Anunoby is a great fit with the Wolves because he’s a great fit anywhere. He’s a long-armed, thickly-built forward who can guard multiple positions, has shot at least 36 percent from 3 in each of the last three seasons and upped his scoring output every year up to 17.1 per game in 2021-22. He may seem slightly redundant with McDaniels, but if there’s anything we’ve learned from the Warriors and Celtics making the NBA Finals, it’s that having a plethora of wings with versatile skillsets on both ends at your disposal is very valuable.

Fischer also reported that Gobert’s high salary could make a matching package “too rich” for the Raptors, which is where the Wolves come in. Minnesota adds a couple of picks and a shooter in Malik Beasley to sweeten the pot for Utah.

This trade only really works if Utah decides to blow it up and trade all their current contributors for draft capital. If the Jazz want to keep Donovan Mitchell and stay competitive, they will surely require Anunoby’s services as a potential answer to their perimeter defense issues. Even if it does turn the page completely, Utah could decide that it’ll only make the trade if it gets Anunoby; that’s how coveted he is in the league.


Bringing in Another Perimeter Defender

Minnesota Timberwolves v Oklahoma City Thunder

Photo by Zach Beeker/NBAE via Getty Images

Wolves receive: Luguentz Dort

Thunder receive: Jaylen Nowell, Leandro Bolmaro, 2022 first-round pick from MIN (No. 19)

It’s very plausible that Oklahoma City doesn’t want to move on from Dort, and especially not at this price. He’s only 23, is a known bulldog on defense and is steadily improving offensive player who averaged 17.2 points per game this season (albeit on poor efficiency for a putrid team).

However, Dort will be an unrestricted free agent after this upcoming season. If the Thunder don’t move him, they could lose him for nothing or be forced to overpay him early in their timeline, and we know how much Sam Presti loves to stockpile his picks.

From Minnesota’s side, this is a gamble that Dort is the intense defender who catalyzes the Wolves on that end while providing enough offense to keep opponents honest. They would have his bird rights and could re-sign him next offseason after D’Angelo Russell and Patrick Beverley’s current contracts are off the books and before Towns’ and Edwards’ pricey extensions kick in.

Nowell is a talented player, but his defensive inconsistencies prevented him from cracking the rotation consistently. Perhaps he and the developing Bolmaro can find a bigger role with the Thunder.


Upgrading the Bench Sniper

Miami Heat v Atlanta Hawks - Game Three

Photo by Kevin C. Cox/Getty Images

Wolves receive: Bogdan Bogdanovic, Jalen Johnson

Hawks receive: Malik Beasley, 2022 first-round pick from MIN, 2022 second-round pick from MIN via WAS

I promise I don’t hate Malik Beasley; it’s just that the Wolves don’t have a lot of contracts that will net them impactful win-now players.

Bogdanovic is four years older than Beasley and slightly more expensive over the next two years, plus he carries a player option for 2023-24. He’s also unquestionably the better player of the two, bringing similar 3-point marksmanship while adding more playmaking (Bogdanovic averages 3.4 assists for his career to Beasley’s 1.2) and defense.
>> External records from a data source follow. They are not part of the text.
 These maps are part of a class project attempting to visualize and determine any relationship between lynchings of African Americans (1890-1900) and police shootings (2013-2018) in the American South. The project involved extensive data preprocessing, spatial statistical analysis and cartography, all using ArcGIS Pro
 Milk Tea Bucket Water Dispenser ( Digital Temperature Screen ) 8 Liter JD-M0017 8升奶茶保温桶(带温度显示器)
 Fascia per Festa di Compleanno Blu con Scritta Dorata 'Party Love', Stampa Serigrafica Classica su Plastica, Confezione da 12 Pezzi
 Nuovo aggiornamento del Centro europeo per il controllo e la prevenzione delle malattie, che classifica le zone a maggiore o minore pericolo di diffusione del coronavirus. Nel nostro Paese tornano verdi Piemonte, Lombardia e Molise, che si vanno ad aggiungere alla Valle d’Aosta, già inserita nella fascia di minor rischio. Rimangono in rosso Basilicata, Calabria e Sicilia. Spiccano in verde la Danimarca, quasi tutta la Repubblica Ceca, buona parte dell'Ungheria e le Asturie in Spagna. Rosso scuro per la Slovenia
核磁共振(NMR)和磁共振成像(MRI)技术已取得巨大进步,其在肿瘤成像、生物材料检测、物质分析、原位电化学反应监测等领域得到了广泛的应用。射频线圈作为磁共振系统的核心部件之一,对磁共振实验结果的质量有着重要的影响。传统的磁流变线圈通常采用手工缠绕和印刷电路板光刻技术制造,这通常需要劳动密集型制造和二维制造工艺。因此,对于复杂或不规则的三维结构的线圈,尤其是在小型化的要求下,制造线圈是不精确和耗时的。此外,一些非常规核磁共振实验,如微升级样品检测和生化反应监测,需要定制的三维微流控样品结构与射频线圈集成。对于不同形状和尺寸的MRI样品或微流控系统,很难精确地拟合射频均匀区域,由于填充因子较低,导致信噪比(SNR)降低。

Adding more secondary creation is crucial to a bench unit that needs more players who can play off the catch.

The Wolves also take a flier on Johnson, a talented forward who got essentially zero playing time from Nate McMillan.
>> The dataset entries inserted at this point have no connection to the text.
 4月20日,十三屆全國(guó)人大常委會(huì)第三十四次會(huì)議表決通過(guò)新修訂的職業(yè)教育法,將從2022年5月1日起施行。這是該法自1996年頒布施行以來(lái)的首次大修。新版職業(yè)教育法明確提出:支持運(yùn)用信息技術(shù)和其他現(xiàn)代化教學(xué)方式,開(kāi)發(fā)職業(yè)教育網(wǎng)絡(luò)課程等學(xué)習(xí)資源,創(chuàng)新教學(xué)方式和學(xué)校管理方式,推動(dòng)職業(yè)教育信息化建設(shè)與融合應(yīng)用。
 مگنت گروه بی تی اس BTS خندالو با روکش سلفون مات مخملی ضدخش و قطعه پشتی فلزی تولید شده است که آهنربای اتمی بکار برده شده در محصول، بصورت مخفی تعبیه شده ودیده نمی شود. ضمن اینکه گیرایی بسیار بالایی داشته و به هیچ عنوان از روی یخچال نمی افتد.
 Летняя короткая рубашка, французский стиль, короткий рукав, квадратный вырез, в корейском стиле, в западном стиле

The Hawks’ side of this trade may seem puzzling to some, but it seems real change could be coming to Atlanta. If the Hawks want to make a major retooling effort, adding the No. 19 pick could be helpful in pursuing names such as Jerami Grant and Deandre Ayton. Plus, they get a younger and cheaper player who can fill some of Bogdanovic’s role.

Which trade would you most like to see the Wolves make?